Data segment:
###
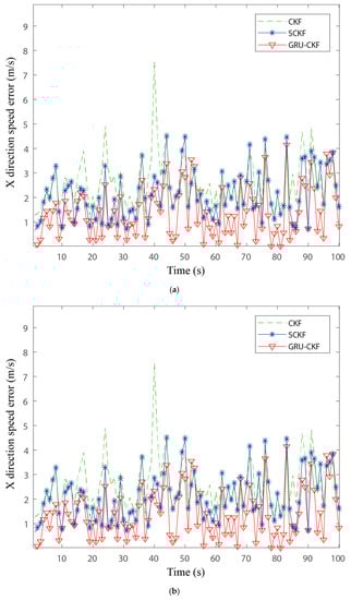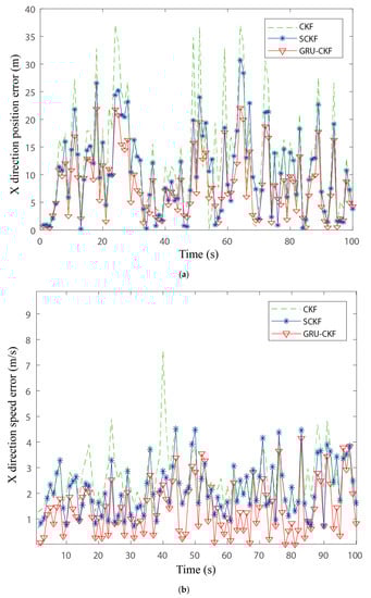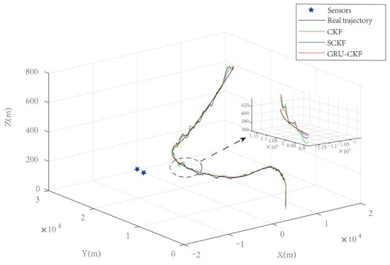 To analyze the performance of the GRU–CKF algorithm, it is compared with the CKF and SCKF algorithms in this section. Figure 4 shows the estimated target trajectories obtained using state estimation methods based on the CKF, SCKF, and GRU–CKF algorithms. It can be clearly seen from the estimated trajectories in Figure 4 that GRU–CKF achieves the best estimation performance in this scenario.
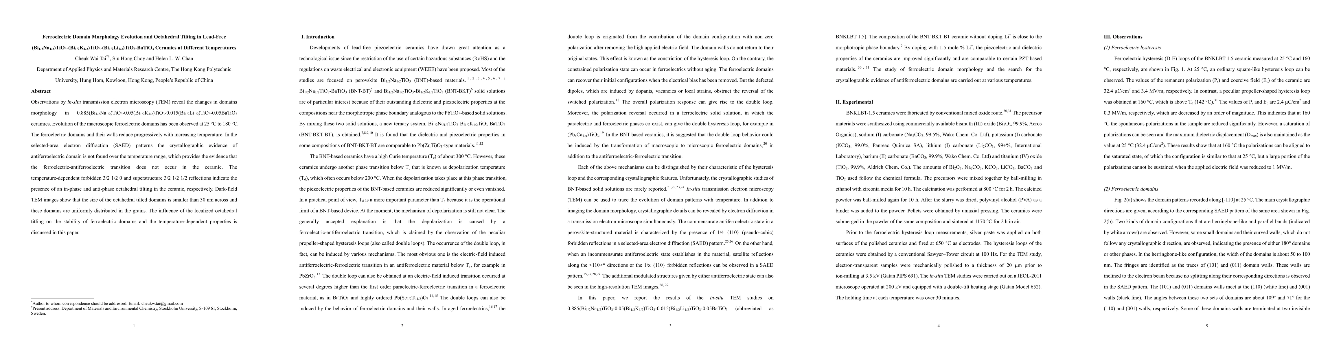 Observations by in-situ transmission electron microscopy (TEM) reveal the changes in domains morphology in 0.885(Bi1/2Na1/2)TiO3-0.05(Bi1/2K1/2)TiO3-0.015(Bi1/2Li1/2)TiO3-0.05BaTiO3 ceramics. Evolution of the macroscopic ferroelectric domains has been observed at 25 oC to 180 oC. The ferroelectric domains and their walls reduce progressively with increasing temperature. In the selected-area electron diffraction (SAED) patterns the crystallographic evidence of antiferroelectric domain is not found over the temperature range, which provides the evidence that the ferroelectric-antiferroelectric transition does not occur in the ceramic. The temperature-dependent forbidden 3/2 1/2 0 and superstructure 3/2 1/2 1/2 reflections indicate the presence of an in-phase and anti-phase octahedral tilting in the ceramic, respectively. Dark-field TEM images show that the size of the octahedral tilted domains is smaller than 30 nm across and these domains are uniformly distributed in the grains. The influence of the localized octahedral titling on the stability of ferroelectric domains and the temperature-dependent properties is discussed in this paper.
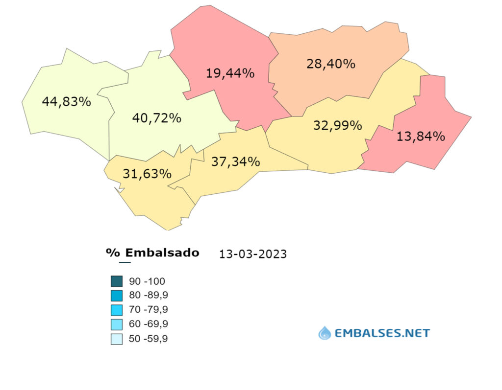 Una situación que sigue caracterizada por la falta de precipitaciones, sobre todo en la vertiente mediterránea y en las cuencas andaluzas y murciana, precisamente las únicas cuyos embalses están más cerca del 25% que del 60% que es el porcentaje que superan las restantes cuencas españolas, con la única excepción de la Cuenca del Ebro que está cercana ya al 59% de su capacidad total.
###
Instructions to follow:
Reproduce the listing above from the line that contains "Observations by in-situ" through its final line, exactly and with nothing added. Omit the images.

Exercise answer:
 Observations by in-situ transmission electron microscopy (TEM) reveal the changes in domains morphology in 0.885(Bi1/2Na1/2)TiO3-0.05(Bi1/2K1/2)TiO3-0.015(Bi1/2Li1/2)TiO3-0.05BaTiO3 ceramics. Evolution of the macroscopic ferroelectric domains has been observed at 25 oC to 180 oC. The ferroelectric domains and their walls reduce progressively with increasing temperature. In the selected-area electron diffraction (SAED) patterns the crystallographic evidence of antiferroelectric domain is not found over the temperature range, which provides the evidence that the ferroelectric-antiferroelectric transition does not occur in the ceramic. The temperature-dependent forbidden 3/2 1/2 0 and superstructure 3/2 1/2 1/2 reflections indicate the presence of an in-phase and anti-phase octahedral tilting in the ceramic, respectively. Dark-field TEM images show that the size of the octahedral tilted domains is smaller than 30 nm across and these domains are uniformly distributed in the grains. The influence of the localized octahedral titling on the stability of ferroelectric domains and the temperature-dependent properties is discussed in this paper.
 Una situación que sigue caracterizada por la falta de precipitaciones, sobre todo en la vertiente mediterránea y en las cuencas andaluzas y murciana, precisamente las únicas cuyos embalses están más cerca del 25% que del 60% que es el porcentaje que superan las restantes cuencas españolas, con la única excepción de la Cuenca del Ebro que está cercana ya al 59% de su capacidad total.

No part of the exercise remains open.